Exercise requirements
Below are the records; give again exactly the line with "文章来源于互联网:凤凰网-2025款Apple Vision Pro头显发布:搭载M5芯片,29999元起", the line with "Classic Christmas Santa", and each line that lies between them, and nothing besides.

Dataset content
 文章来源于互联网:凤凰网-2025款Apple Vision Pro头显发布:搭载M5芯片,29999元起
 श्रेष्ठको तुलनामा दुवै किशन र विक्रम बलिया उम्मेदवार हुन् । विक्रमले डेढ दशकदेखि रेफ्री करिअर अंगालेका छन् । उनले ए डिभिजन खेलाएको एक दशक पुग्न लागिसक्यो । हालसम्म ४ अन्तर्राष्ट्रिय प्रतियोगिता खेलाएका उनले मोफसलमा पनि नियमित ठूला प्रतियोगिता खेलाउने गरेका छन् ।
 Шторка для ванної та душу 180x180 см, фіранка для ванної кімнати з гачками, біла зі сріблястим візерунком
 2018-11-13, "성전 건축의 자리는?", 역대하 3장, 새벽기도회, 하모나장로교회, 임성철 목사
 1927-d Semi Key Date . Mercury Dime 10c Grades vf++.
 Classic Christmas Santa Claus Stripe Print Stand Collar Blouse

==

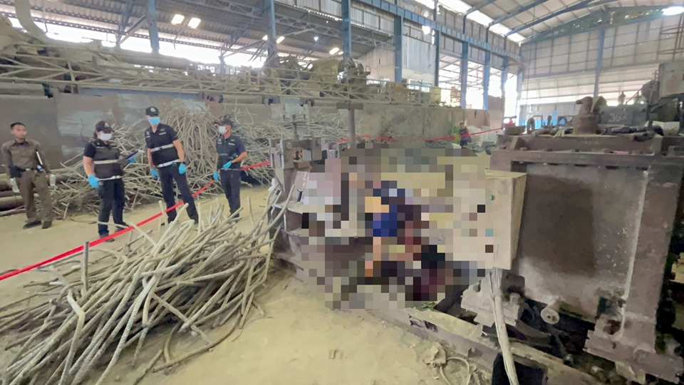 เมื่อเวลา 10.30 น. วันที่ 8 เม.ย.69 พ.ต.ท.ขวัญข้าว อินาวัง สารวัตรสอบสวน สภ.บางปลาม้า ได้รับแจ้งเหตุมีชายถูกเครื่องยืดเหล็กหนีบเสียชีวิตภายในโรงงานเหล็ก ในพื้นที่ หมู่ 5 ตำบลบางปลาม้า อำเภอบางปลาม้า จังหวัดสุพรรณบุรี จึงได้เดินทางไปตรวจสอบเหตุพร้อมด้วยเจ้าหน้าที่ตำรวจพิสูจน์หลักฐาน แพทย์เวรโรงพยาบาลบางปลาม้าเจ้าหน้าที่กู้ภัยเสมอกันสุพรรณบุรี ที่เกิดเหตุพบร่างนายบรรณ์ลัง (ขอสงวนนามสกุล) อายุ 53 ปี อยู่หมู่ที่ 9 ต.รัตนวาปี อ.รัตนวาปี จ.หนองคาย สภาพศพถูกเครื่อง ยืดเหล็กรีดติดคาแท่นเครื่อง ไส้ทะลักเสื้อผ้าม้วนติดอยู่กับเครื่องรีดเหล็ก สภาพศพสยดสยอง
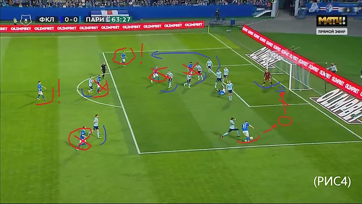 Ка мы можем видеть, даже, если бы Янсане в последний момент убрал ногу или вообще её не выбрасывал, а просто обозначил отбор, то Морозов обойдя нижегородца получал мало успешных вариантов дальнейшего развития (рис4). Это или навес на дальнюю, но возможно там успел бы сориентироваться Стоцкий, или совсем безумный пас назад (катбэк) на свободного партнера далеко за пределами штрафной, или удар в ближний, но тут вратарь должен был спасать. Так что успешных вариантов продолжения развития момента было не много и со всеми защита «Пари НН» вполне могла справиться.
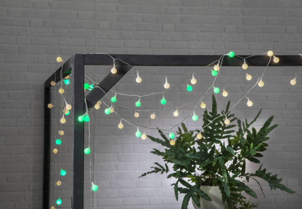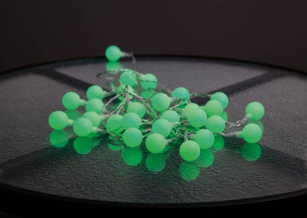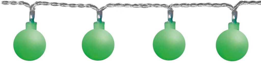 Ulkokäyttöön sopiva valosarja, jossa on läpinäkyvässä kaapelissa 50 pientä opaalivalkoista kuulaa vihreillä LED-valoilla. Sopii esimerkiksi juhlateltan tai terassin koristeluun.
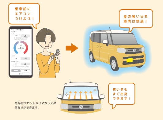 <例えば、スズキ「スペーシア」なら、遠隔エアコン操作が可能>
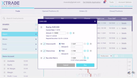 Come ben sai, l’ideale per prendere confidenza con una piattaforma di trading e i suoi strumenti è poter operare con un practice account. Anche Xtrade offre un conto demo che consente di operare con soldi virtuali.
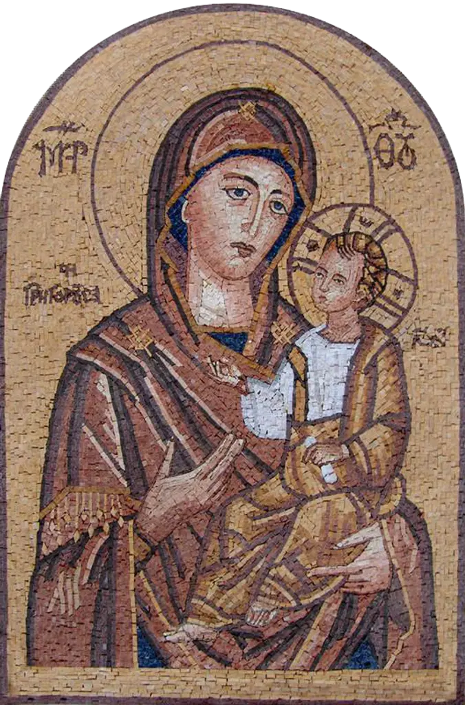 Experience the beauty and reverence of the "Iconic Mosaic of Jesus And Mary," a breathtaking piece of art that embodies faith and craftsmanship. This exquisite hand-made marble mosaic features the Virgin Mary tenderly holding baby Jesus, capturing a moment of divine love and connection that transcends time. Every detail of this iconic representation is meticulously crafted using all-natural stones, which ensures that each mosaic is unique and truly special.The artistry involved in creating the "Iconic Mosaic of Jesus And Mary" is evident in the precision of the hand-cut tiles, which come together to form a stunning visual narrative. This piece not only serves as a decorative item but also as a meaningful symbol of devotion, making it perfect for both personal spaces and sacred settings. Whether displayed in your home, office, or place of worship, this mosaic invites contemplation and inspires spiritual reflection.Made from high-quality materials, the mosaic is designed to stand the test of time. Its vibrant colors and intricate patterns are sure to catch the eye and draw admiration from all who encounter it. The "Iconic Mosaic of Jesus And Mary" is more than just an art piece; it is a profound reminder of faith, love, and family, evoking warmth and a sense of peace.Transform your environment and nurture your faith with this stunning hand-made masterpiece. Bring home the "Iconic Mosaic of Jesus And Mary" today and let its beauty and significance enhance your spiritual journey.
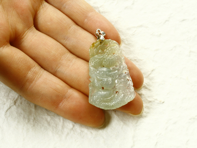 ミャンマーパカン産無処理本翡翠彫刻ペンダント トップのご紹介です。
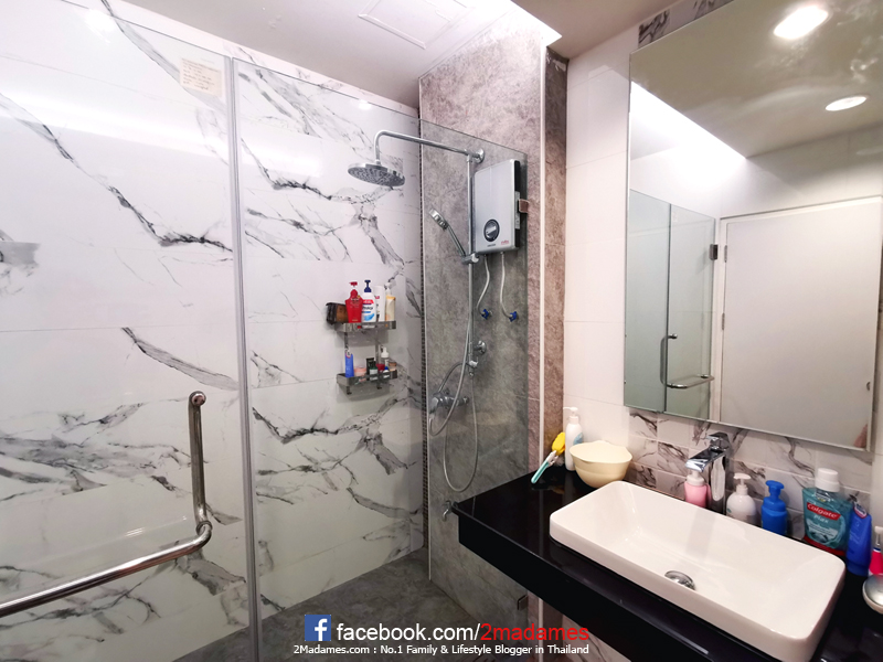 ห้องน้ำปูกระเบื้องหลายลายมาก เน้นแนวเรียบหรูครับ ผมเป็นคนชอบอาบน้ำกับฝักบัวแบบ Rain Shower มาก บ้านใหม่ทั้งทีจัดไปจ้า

Response below
 文章来源于互联网:凤凰网-2025款Apple Vision Pro头显发布:搭载M5芯片,29999元起
 श्रेष्ठको तुलनामा दुवै किशन र विक्रम बलिया उम्मेदवार हुन् । विक्रमले डेढ दशकदेखि रेफ्री करिअर अंगालेका छन् । उनले ए डिभिजन खेलाएको एक दशक पुग्न लागिसक्यो । हालसम्म ४ अन्तर्राष्ट्रिय प्रतियोगिता खेलाएका उनले मोफसलमा पनि नियमित ठूला प्रतियोगिता खेलाउने गरेका छन् ।
 Шторка для ванної та душу 180x180 см, фіранка для ванної кімнати з гачками, біла зі сріблястим візерунком
 2018-11-13, "성전 건축의 자리는?", 역대하 3장, 새벽기도회, 하모나장로교회, 임성철 목사
 1927-d Semi Key Date . Mercury Dime 10c Grades vf++.
 Classic Christmas Santa Claus Stripe Print Stand Collar Blouse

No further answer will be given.